Integrated AI and machine learning pipeline identifies novel WEE1 kinase inhibitors for targeted cancer therapy.

The dysregulation of the cell cycle in cancer underscores the therapeutic potential of targeting WEE1 kinase, a key regulator of the G2/M checkpoint. This study harnessed artificial intelligence (AI)-driven methodologies, particularly the MORLD platform, to identify novel WEE1 inhibitors. Starting with clinically validated WEE1 inhibitors as references, we generated 20,000 structurally diverse compounds optimized for binding affinity, synthetic accessibility, and drug-likeness.
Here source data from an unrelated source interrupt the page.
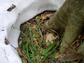 早池峰 七折の滝 6木々の根元にチラホラと草の緑が見えました。 「春だなぁ~♪」って感じですよねぇ~! 緑を見ると、心が和みます♪2005年4月10日撮影 |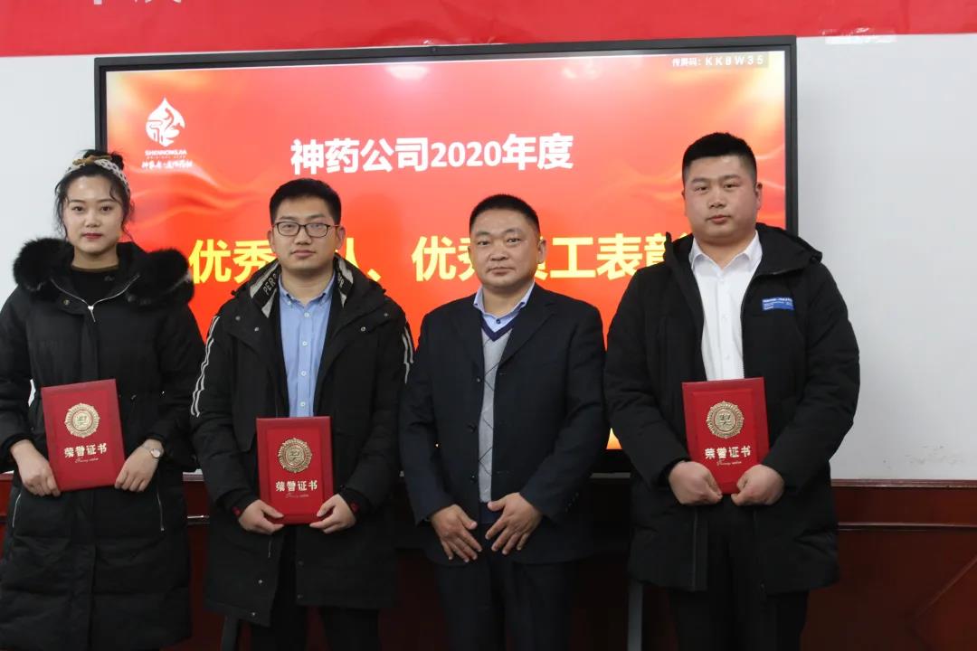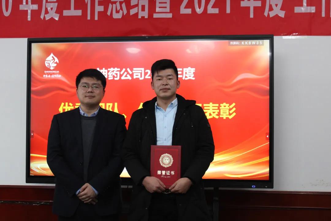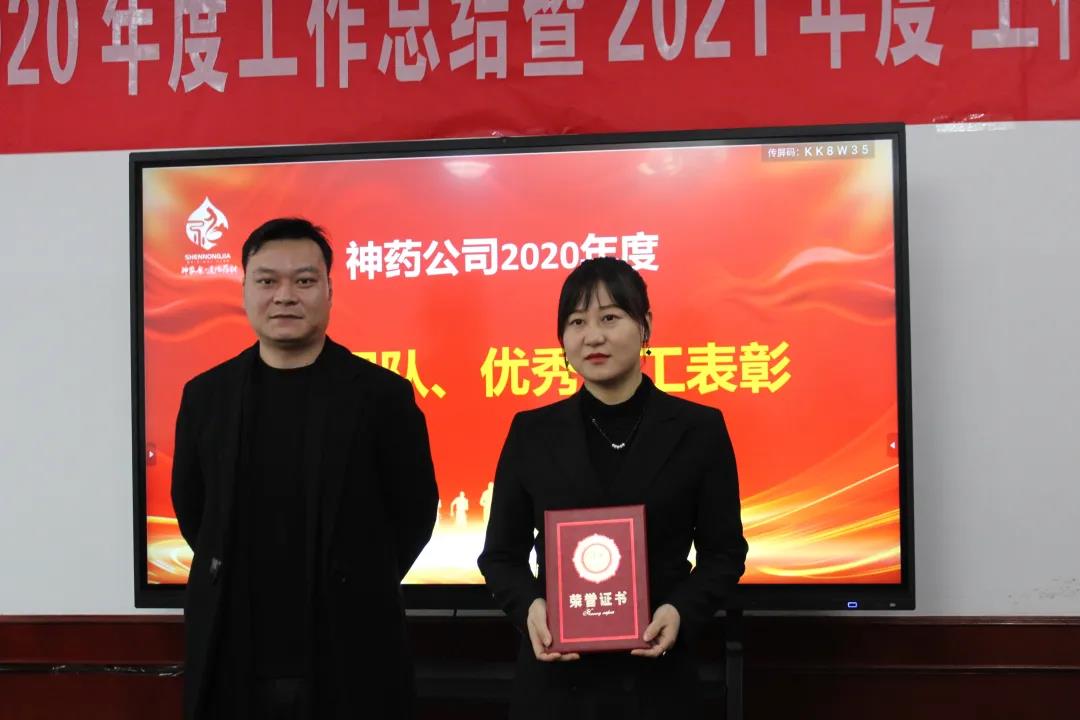 因在2020年度工作中整個(gè)團(tuán)隊(duì)不怕吃苦、積極進(jìn)取和優(yōu)異表現(xiàn)獲此殊榮,并由神農(nóng)架道地藥材公司總經(jīng)理薛超先生(右一)為其頒獎(jiǎng)。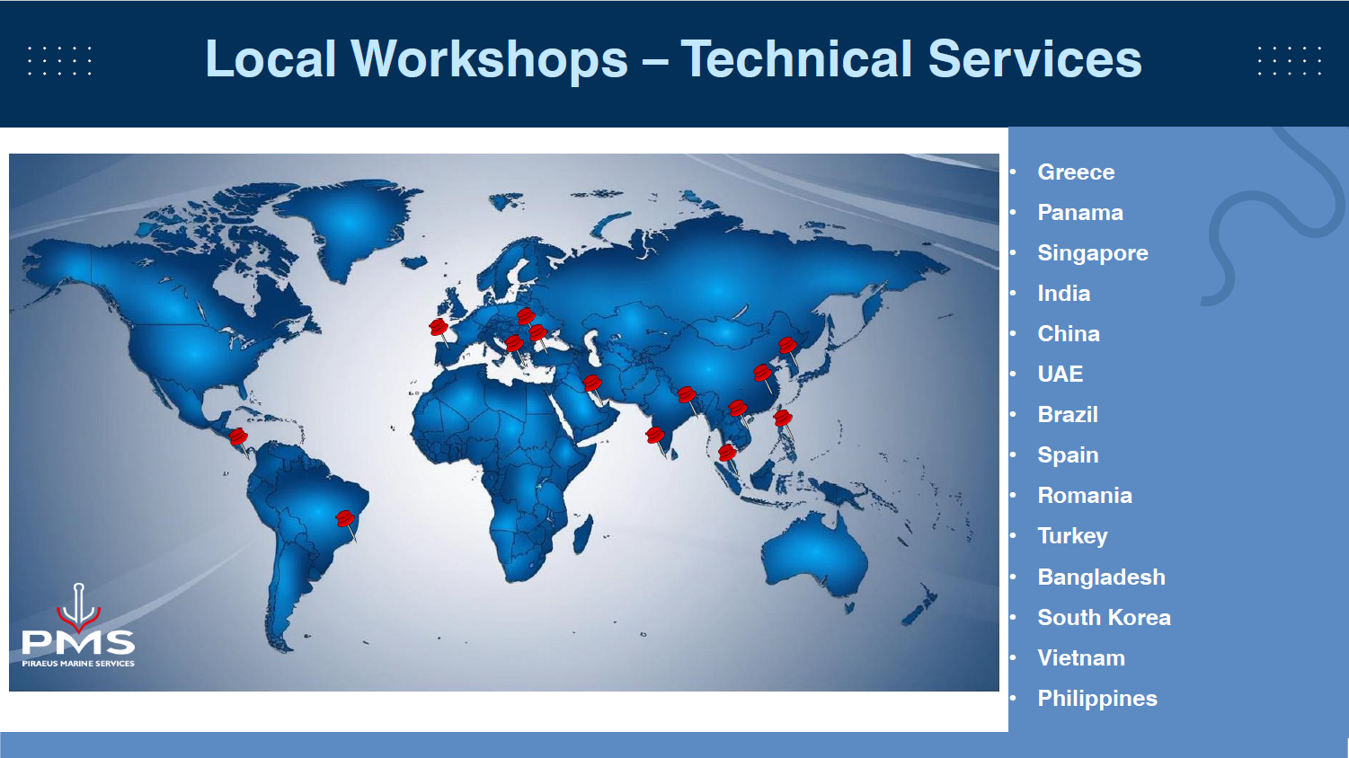 Wherever your vessel operates, PMS S.A. ensures fast, efficient, and high-quality technical services at key ports worldwide. Our trusted network of local workshops and experienced technicians is ready to provide everything from emergency repairs to scheduled maintenance, minimizing downtime and keeping your operations smooth and efficient.
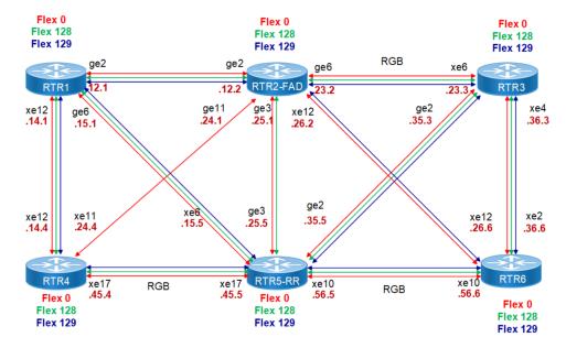 • Red Lines (Flex Algo 0): Represents the default IGP metric-based paths where all links contribute to general traffic forwarding.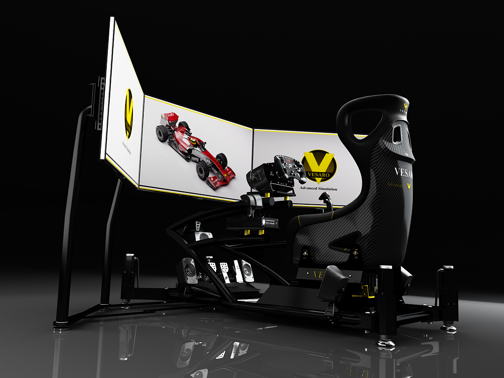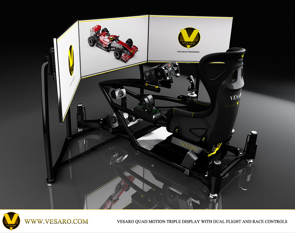 Our new Dual Control setup allows both Flight and Race simulation using the same rig. You can easily reconfigure to a dedicated race or dedicated flight sim as well giving you maximum adaptability. Utilizing Thrustmaster Warthog Flight controls and Fanatec Clubsport control system, shown here is the Clubsport V2 Pedals, EU Base and F1 Rim.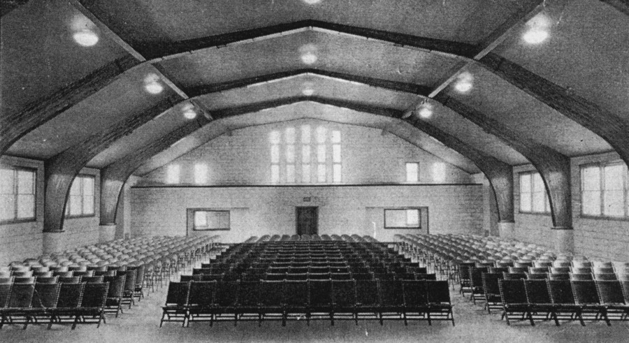 Interior of the completed Peshtigo, Wisconsin, school gymnasium (source: Forest History Society) – first building in the United States to use structural glue-laminated timber (glulam).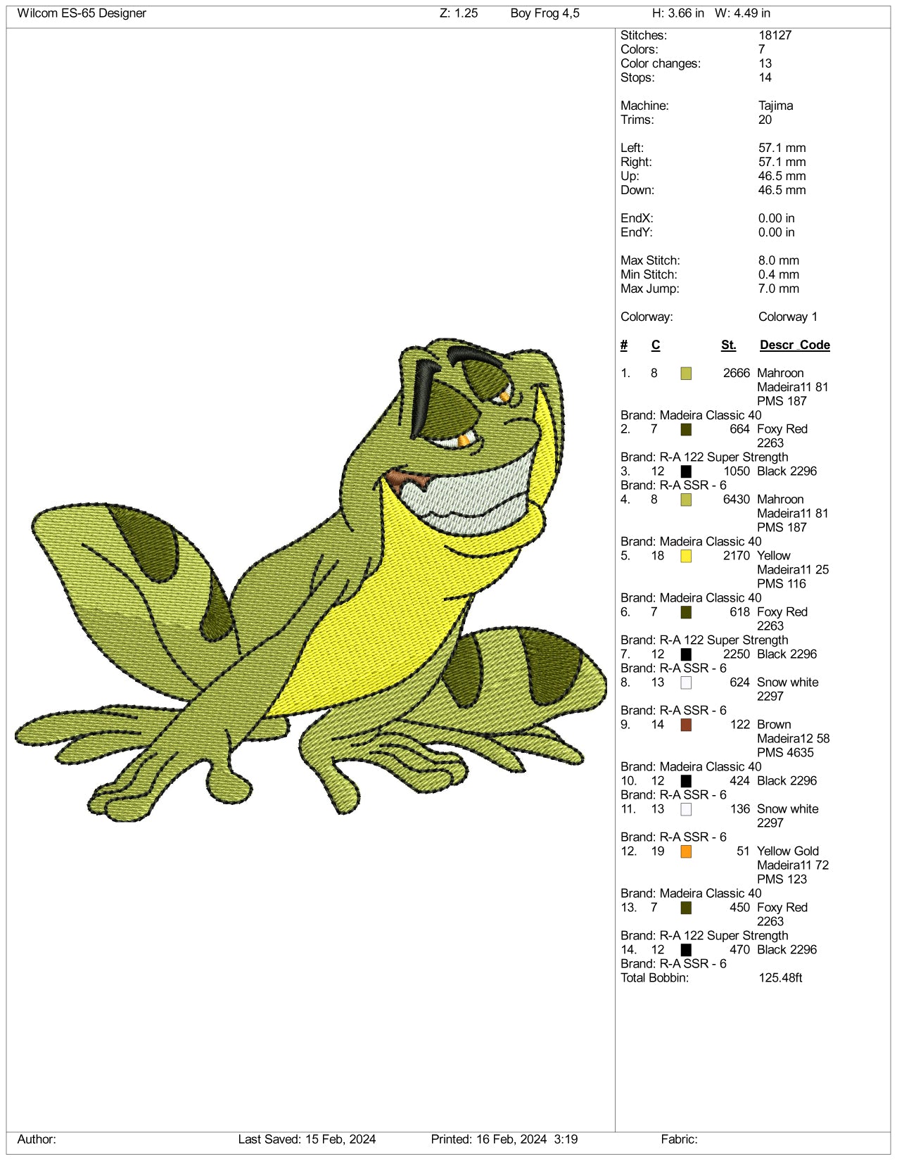 Prince Naveen Frog Embroidery Design Files - 3 Size's

A rigorous cheminformatics pipeline-comprising PAINS filtering, physicochemical property assessments, and molecular fingerprinting-refined this library to 242 promising candidates. Dimensionality reduction using UMAP and clustering via K-means enabled the prioritization of structurally unique leads. Molecular docking studies highlighted two compounds, MORLD5036 and MORLD6305, with exceptional binding affinities and interactions with key WEE1 active site residues. Molecular dynamics simulations and MM-GBSA binding free energy calculations further validated MORLD5036 as the most stable and potent inhibitor. Scaffold analysis revealed novel chemotypes distinct from existing inhibitors, enhancing potential for intellectual property. Comprehensive ADME profiling confirmed favorable pharmacokinetics, while synthetic accessibility evaluations indicated practicality for experimental validation. The identified lead compound, MORLD5036, exhibits favorable pharmacokinetics and novel chemotypes, positioning it as a potential therapeutic candidate for cancers reliant on WEE1-mediated cell cycle control. This integrated, AI-driven pipeline expedites the identification of next-generation WEE1 inhibitors, paving the way for advancements in precision oncology. Unlike traditional methods reliant on pre-existing datasets, this study leverages MORLD's reinforcement learning framework to autonomously generate inhibitors, enabling exploration of uncharted chemical space. These findings establish MORLD5036 as a computationally promising WEE1 inhibitor candidate warranting further experimental validation.